Other times it might fail to create what you had in mind but can get pretty close.
After its explosion in popularity, DALL-E mini’s creators moved it into a new home under new branding. Now you can find DALL-E mini’s latest version as Craiyon on its own site.
Using Craiyon today is as easy as searching online for an existing image. You can visit its site, type a description of your picture in its text field, and hit Enter. After a while, you’ll see the results on your screen.
What’s striking is how good Craiyon and similar tools are at mimicking visual styles. For example, we’ve asked it to conjure images of a puppy on a skateboard:
Then, we used the exact phrase but added a “Pixar style” after it.
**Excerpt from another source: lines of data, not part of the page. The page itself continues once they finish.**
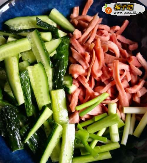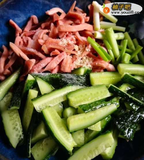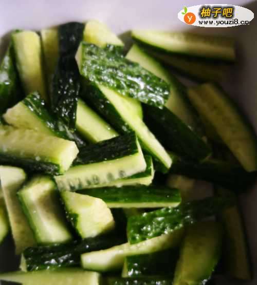 2接着,将黄瓜切条,放入少许盐腌制15分钟;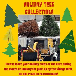Holiday Tree Collection Posted on January 5, 2026 by Ruby BinghamThe Village DPW will collect natural holiday trees throughout the month of January. Please place your tree at the curb. Do NOT put trees in plastic bags.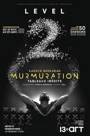 Après une tournée des Zéniths de France, qui a fait salles combles et après son triomphe avec plus de 150 000 spectateurs, depuis sa création au 13e Art en avril 2023, Sadeck Berrabah nous propose un Murmuration revisité avec une troupe de 50 danseurs cette fois, à partir du 15 novembre 2024 au Théâtre Le 13e Art.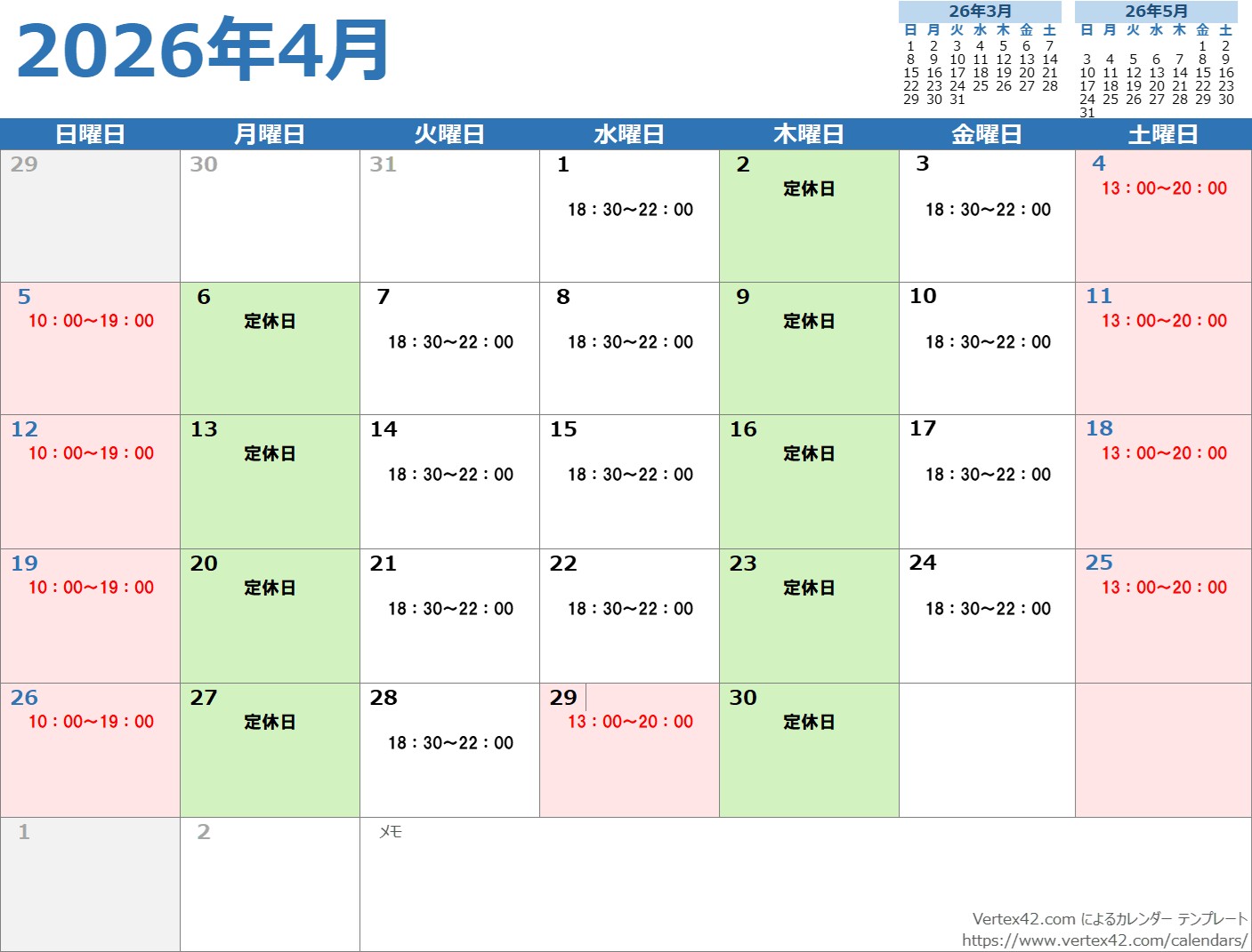 4月の営業カレンダー

After a while, Craiyon showed a grid of more “cartoony” images, closer to what we perceive as Pixar’s ray-traced graphics in their beloved movies.
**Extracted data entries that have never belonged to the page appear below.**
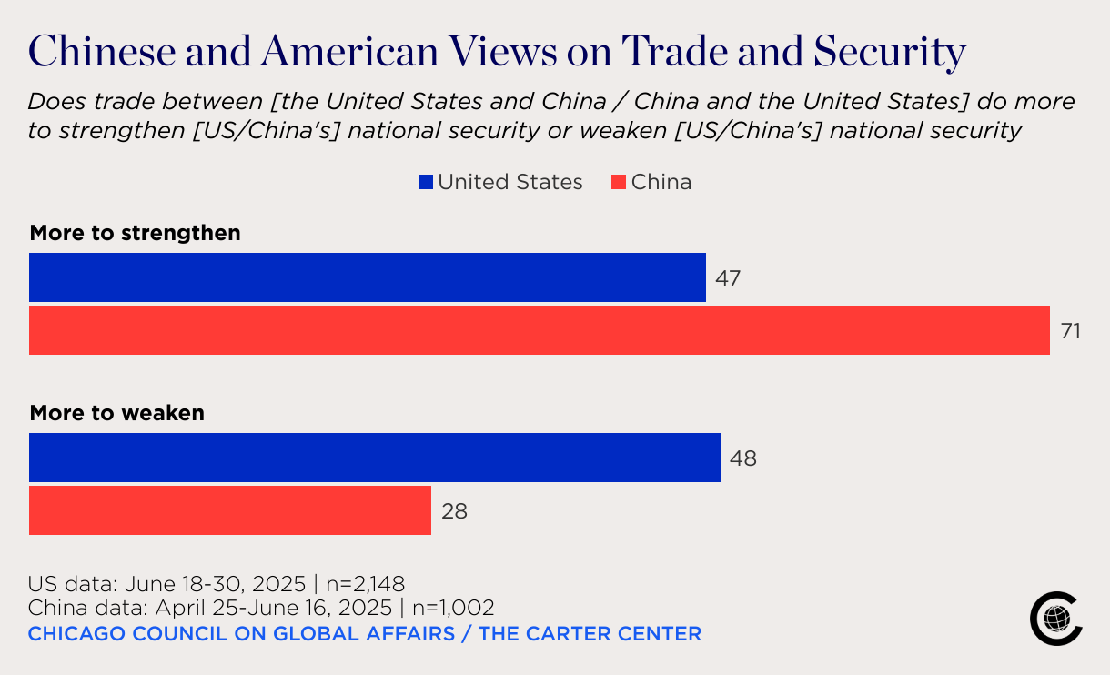 Does trade between [the United States and China / China and the United States] do more to strengthen [US/China's] national security or weaken [US/China's] national security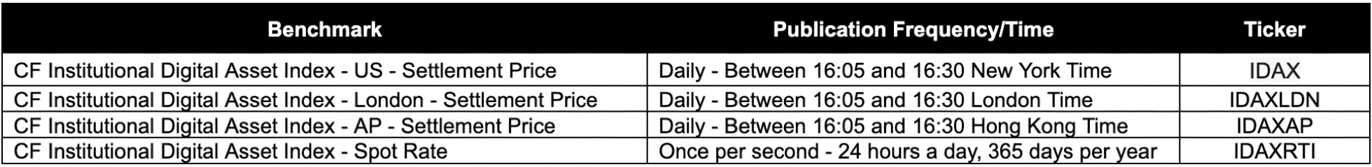 Publication of the CF Institutional Digital Asset Index Settlement Prices, and CF Institutional Digital Asset Index Spot Rate will commence on August 6th, 2024.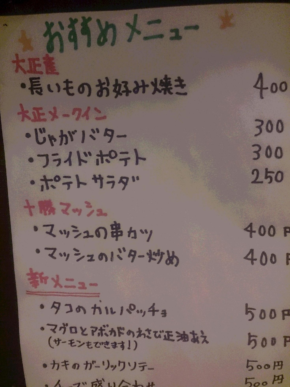 帯広に来たら、おいしい野菜が食べたいですよね。そこでおすすめが、このお店です。オーナーは、農家。正真正銘の「大地の商人」です。ここは野菜を中心としたナガイモのお好み焼やタマネギのスライス、そしてポテトサラダが大好きです。春にもかかわらず、いろんな野菜が食べられ十勝の大地に感謝です。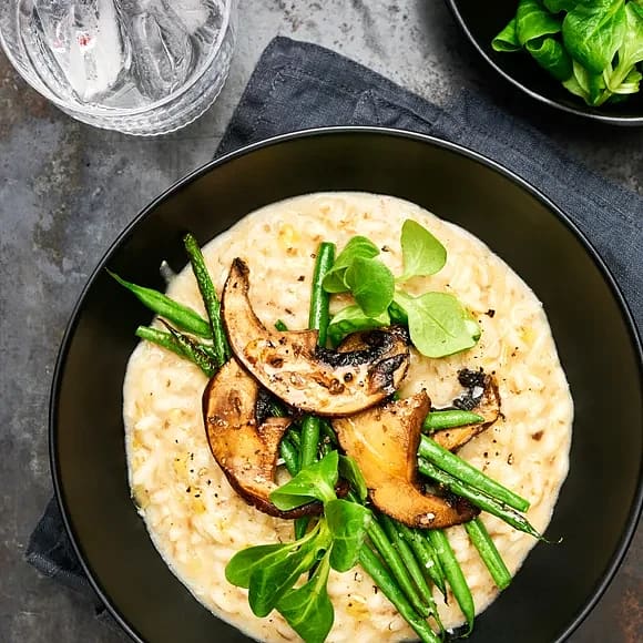 Svamprisotto med vitlöksstekt broccoli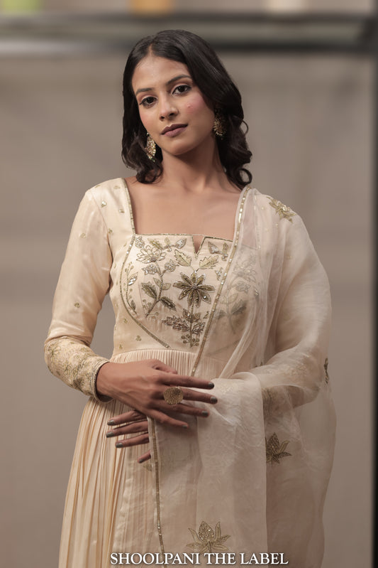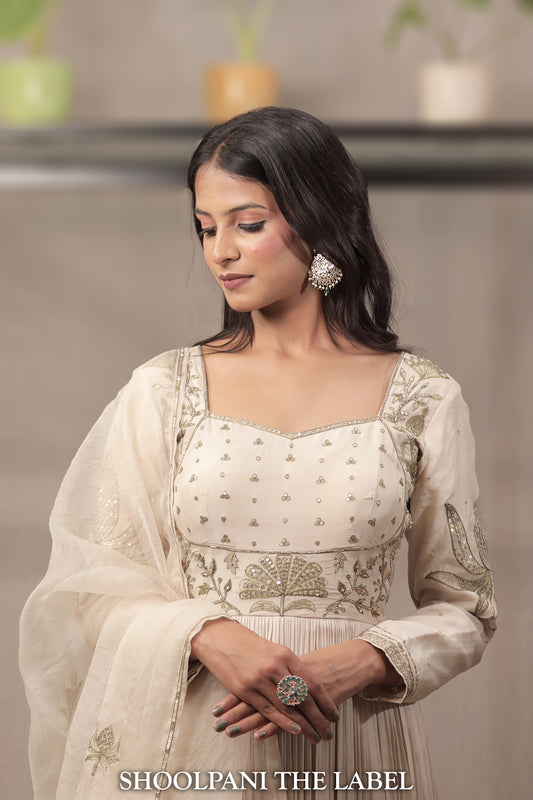 Vasant: Lotus Ivory Embroidered Anarkali Set with Organza Silk Dupatta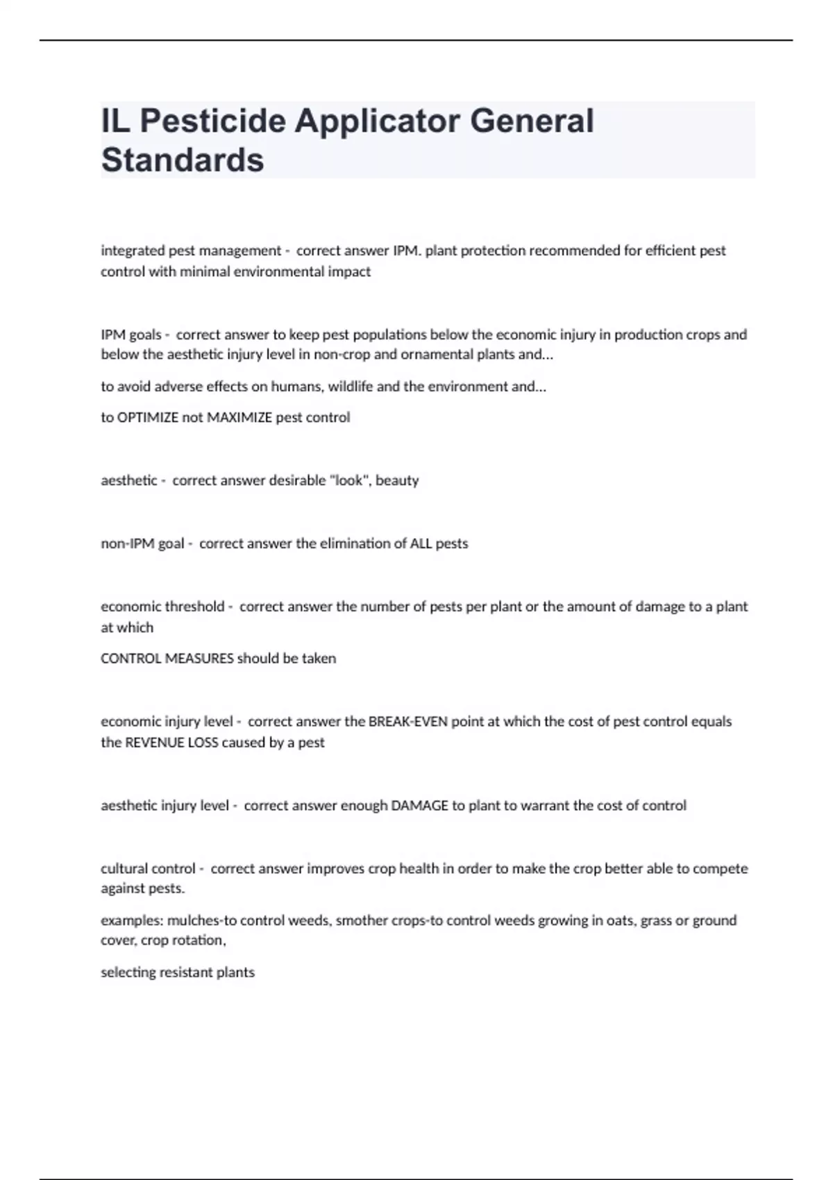 IL Pesticide Applicator General Standards questions and answers certified 2024

Craiyon gave us even better results when we replaced “Pixar style” with “anime style” in the same prompt.
Anime is more stylized in its appearance than Pixar’s more realistic imagery, which seems to have helped Craiyon produce some almost ready-to-use images.
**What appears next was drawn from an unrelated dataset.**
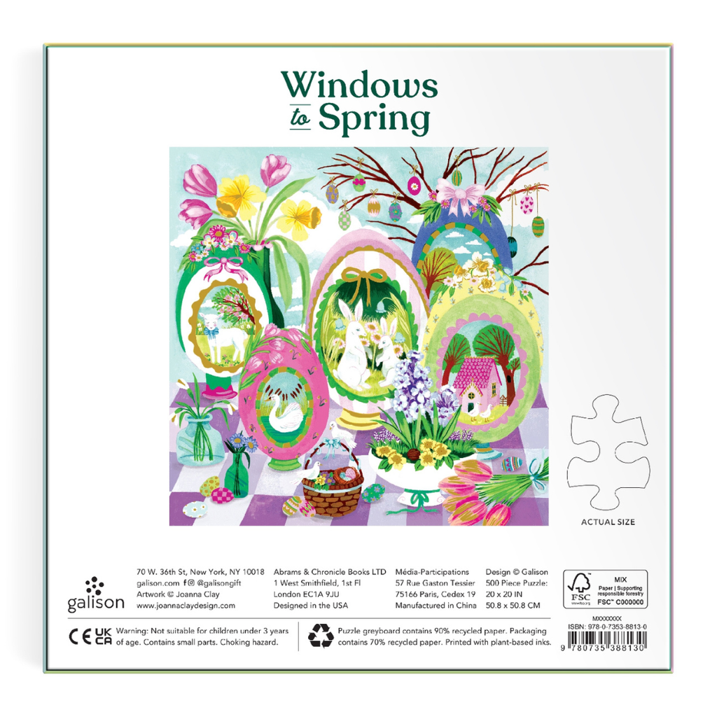 Celebrate the sweetest signs of spring with the Windows To Spring 500 piece foil jigsaw puzzle from Galison. This delightful puzzle features a colourful collection of intricate sugar eggs, each showcasing tiny, enchanting scenes tucked inside - think adorable sheep, graceful swans, cozy cottages and blooming gardens.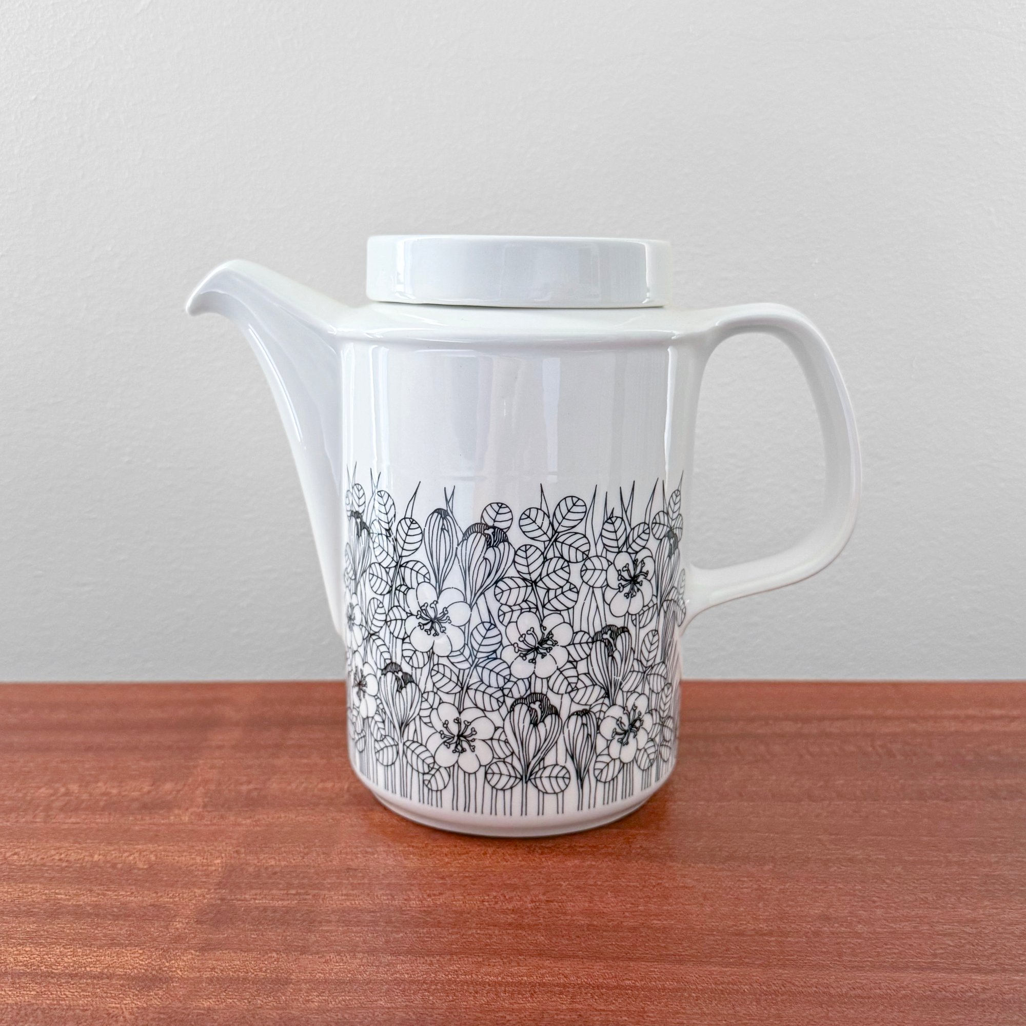 Very rare vintage Arabia Finland Krokus black and white coffee pot. Produced for limited period of time from 1978-79. Designed by Esteri Tomula, Finland 1970s. In excellent vintage condition.

Fooling Around With Latent Diffusion
The Latent Diffusion model trained on the LAION-400M dataset is another interesting AI text visualizer. However, it’s also more complicated in its use. You must run it online in a virtual machine and play with its various parameters instead of merely typing in a text field. Still, it’s easier than it sounds.
- Visit the Google Latent Diffusion colab space that’s currently its home.
- Scroll a bit down and notice the Prompt field under Parameters. Replace the default prompt with what you want your image to depict.
- Choose Run All from the Runtime menu, or press CTRL + F9.
- If you want to be able to export the produced images directly from within the tool, answer positively when asked if you want to link it with your Google Drive account. The tool takes a while to complete its configuration and needs to download some files during the process.
Increasing the values for Steps, Iterations, and Samples_in_parallel, may lead to more detailed results. However, the tool is extremely demanding in resources on Google’s servers. As a result, it may crash if you increase those values too much, or the process of creating a particular image becomes more complicated than expected.
We’ve spent a significant amount of time testing DALL-E mini and Latent Diffusion. Our scientific method consisted of two distinct parts. First, we had to come up with concepts that could be accurately described as bonkers. Then, ask those AI visualizers to turn them into images. More often than expected, they succeeded, coming close to the general setup we had envisioned.
We’ve also tried some of the available alternatives for this article. We’re still waiting for access to others. Some of the ones worth checking out are (in no particular order):
Will AI-Generated Art Replace Visual Arts?
The abundance and continuously increasing popularity of image-generating AI-powered tools lead many to conclude that visual arts will soon die. What’s the point in investing the time and energy to learn how to draw or use complicated software to visualize things when an AI can do it quicker (and soon better) than you?
If you noticed, those tools are all “trained on datasets.” In plain English, this means that they do what they do thanks to humans already having done the same thing before.
That’s the hint as to why those tools can’t replace human artistry, creativity, and ingenuity. They’re mimics, smart replicators. Without the humanly-produced originals on which they’re trained, they wouldn’t be able to produce any output.
Still, that’s the now, and we admit we don’t know what the future holds. For now, visual artists can sleep safely. At the rate AI is evolving, though, many specialists on the topic agree it’s not a matter of if it will ever replace the work of people like yours truly. It’s only a matter of when.
But hey, it’s not all doom and gloom. While Skynet prepares to take our jobs, at least we can brighten our mood by effortlessly creating images of puppies on skateboards!